Петрович подвез женщину к самому дому, она показала ему окна квартиры.
– Номерка нет, недавно новую дверь поставила, – но вы ее сразу заметите, она в моем вкусе. Ярко-красного цвета, – шепотом добавила женщина, уже не сомневаясь в том, что Петрович в ее руках.
Когда машина отъехала, она спохватилась, что они даже не познакомились.
«Ничего, времени на это у нас хватит, к тому же знакомиться можно и между делом».
Эфэсбист глянул на часы, на встречу с Ханоем он опаздывал совсем не намного – на пять минут. Настораживало, что Ханой не позвонил загодя. Но такое случалось и раньше. Петрович знал, что бывший зэк придет обязательно, что бы ни случилось, даже если накануне перепил до посинения.
Позади осталась ярко освещенная улица, редкие фонари почти не рассеивали темноту на проезде. Мимо с грохотом пронесся пассажирский поезд. Петрович с завистью посмотрел на силуэты людей за вагонными окнами.
«Уехать бы самому к чертовой матери, отдохнуть».
Джип выехал к недостроенному зданию. Возле самой стены на дощатом ящике сидел, свесив голову, Ханой. Петрович сразу узнал его потертую куртку. Ханой даже не поднял голову, когда эфэсбист вышел из машины.
– Нажрался, что ли? Эй, урод.
Петрович тронул Ханоя за плечо. Тот качнулся и, не меняя позы, завалился на бок. Полы куртки распахнулись, обнажив рубашку – всю в запекшейся крови. В неподвижных сухих глазах отражался свет далекого фонаря. Эфэсбист попятился, рука сама потянулась к пистолету. Он замер на несколько секунд, прислушался. Никаких посторонних звуков, кроме шума большого города. Бросился к машине, но пистолет, зажатый в правой руке, мешал завести двигатель.
Бросив оружие на сиденье, Петрович провернул ключ в замке зажигания, и в этот момент из-за угла склада, с горки вылетел на роликовых коньках парень, лихо заложил вираж. Проносясь мимо машины, бросил на крышу пластиковый пакет и тут же скрылся за поворотом. Петрович даже не успел схватить пистолет, но зато успел вспомнить:
«Бунин. Николай Бунин…»
И в этот момент раздался взрыв. Направленная волна прошила крышу, ударив в салон, мгновенно превратила Петровича в бесформенную кровавую массу. А вот соседнее сиденье почти не пострадало, если не считать, что его густо забрызгало обожженной дымящейся плотью…
…Женщина, накрывавшая в гостиной на двоих низкий журнальный столик, подняла голову и прислушалась, стекло в широком окне все еще продолжало звенеть от далекого взрыва. Она поставила графин с коньяком и два бокала. Отошла на шаг и полюбовалась…

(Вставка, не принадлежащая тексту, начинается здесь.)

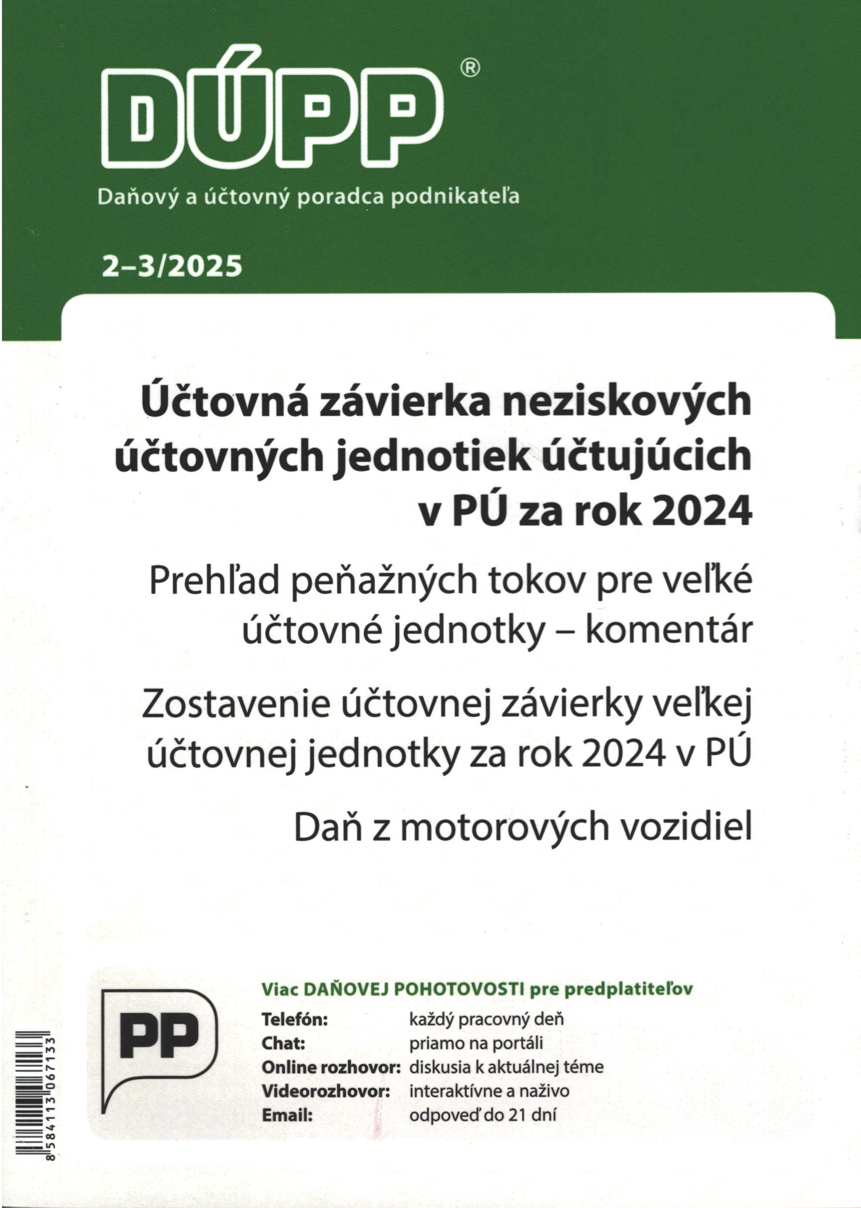 Názov Daňový a účtovný poradca podnikateľa Vydavateľské údaje Žilina : Poradca podnikateľa ISSN 1335-0897 Roč., číslo Roč. 30, č. 2-3 (2025) Status periodika prijaté (08.01.2025) Druh dokumentu časopisy Jazyk dokumentu slovenčina Krajina vydania Slovenská republika Báza dát PERIODIKÁ - Prijaté čísla Počet ex. 2, z toho voľných 0, prezenčne 2 Odkazy - PERIODIKÁ - Súborný záznam periodika (2) - ČLÁNKY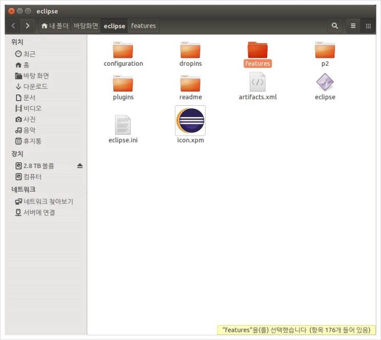 보통 설치파일을 다운받으면 저기 features와 plugins, xml하나 이렇게 세개가 들어있습니다.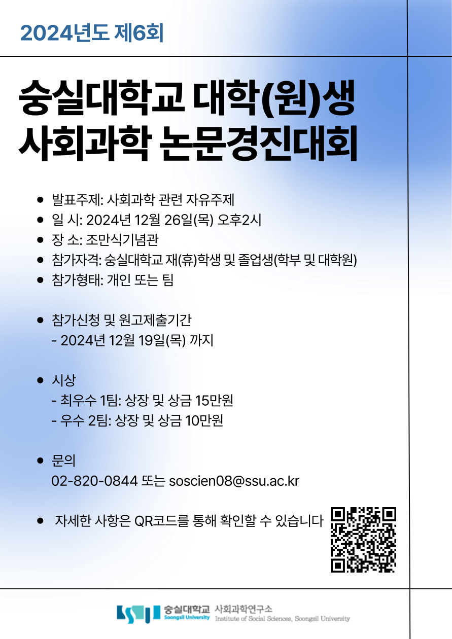 제6회 숭실대학교 대학(원)생 사회과학 논문경진대회
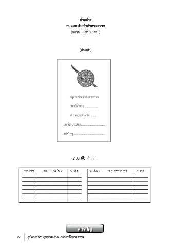 ตัวอยาง สมุดพกประจําตัวสายตรวจ (ขนาด 8.5X10.5 ซม.) (ปกหนา) 72 คูมือการควบคุมสายตรวจและการจัดสายตรวจ
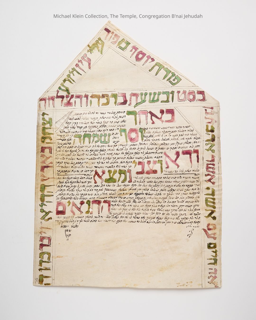 Parchment ketubah, for wedding of Yosef son of Yom Tov Chamawi and Simchah daughter of Yitzchak Chamawi. Aleppo, Syria, 13th Nisan 5639 [April 6, 1879]. Ketubah on small, rectangular parchment sheet with upper edge cut into a triangle, as a sort of pediment over a pair of pillars. Ketubah text in Sephardic cursive text, with seven words enlarged and written in hollow square letters and colored in purple and green. Edges surrounded by verses of blessing also written in large, hollow square letters, in matching colors. Signatures of witnesses on edge of ketubah text. For a similar ketubah, see: Sabar (2022), II, no. 306 (KET 161).Dimensions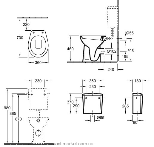 - сидіння з кришкою Villeroy & Boch, з Duroplast, кріплення з нержавіючої сталі зі спеціальними буферами проти зміщення вбік, з ободом на кришці, з функцією QuickRelease та SoftClosing, білий альпін (арт.88216101).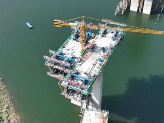 東溪河大橋主橋掛籃懸臂澆筑施工現場。中建路橋集團供圖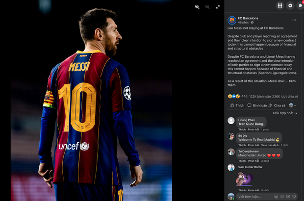 Rạng sáng ngày 6/8, mạng xã hội dường như bùng nổ trước thông tin chính thức được Barcelona đưa ra để thông báo về tương lai của Messi. Theo đó, siêu sao Messi sẽ chính thức rời Barcelona sau 21 năm gắn bó. Lý do được đội bóng này đưa ra chính là "vì trở ngại về mặt tài chính và cấu trúc". Ngay lập tức những thông tin này đã khiến người hâm mộ Messi, fan của đội bóng cùng người hâm mộ khắp thế giới bàng hoàng.

…В комнате горел торшер с темно-желтым абажуром, женщина уже целый час как сидела на диване, поджав под себя ноги перед накрытым столиком. В ее руке подрагивал бокал с коньяком, и она никак не могла заставить себя сделать первый глоток. Ведь это значило согласиться с тем, что ее новый знакомый уже не придет.
* * *Бунин подкатил на роликах к подъезду первого попавшегося жилого дома. Сел на лавочку и первым делом закурил, руки у него дрожали. В ушах все еще стоял звук взрыва.
«Жаль, что Мальтинского не оказалось рядом с ним. Но за Клару урод ответил».
Свет фонаря заливал выложенный плиткой подход к дому, но лавка стояла под развесистым кустом сирени, и всю ее накрывала тень. Николай расстегнул липучки роликовых ботинок и переобулся в кроссовки. После твердой пластиковой обуви казалось, что на ногах вообще ничего нет. Ролики Бунин поставил у двери подъезда, знал, что долго они здесь «не задержатся», подобрать их найдется кому.
Уже в метро он купил темные очки и длинный зонт-трость. В вагон зашел, высоко задрав голову, постукивая кончиком зонта по полу. «Слепому» тут же уступила место девушка.
Николай отказываться не стал – устал страшно. Из-под очков он разглядел в неплотно застегнутой сумочке пухлый кошелек.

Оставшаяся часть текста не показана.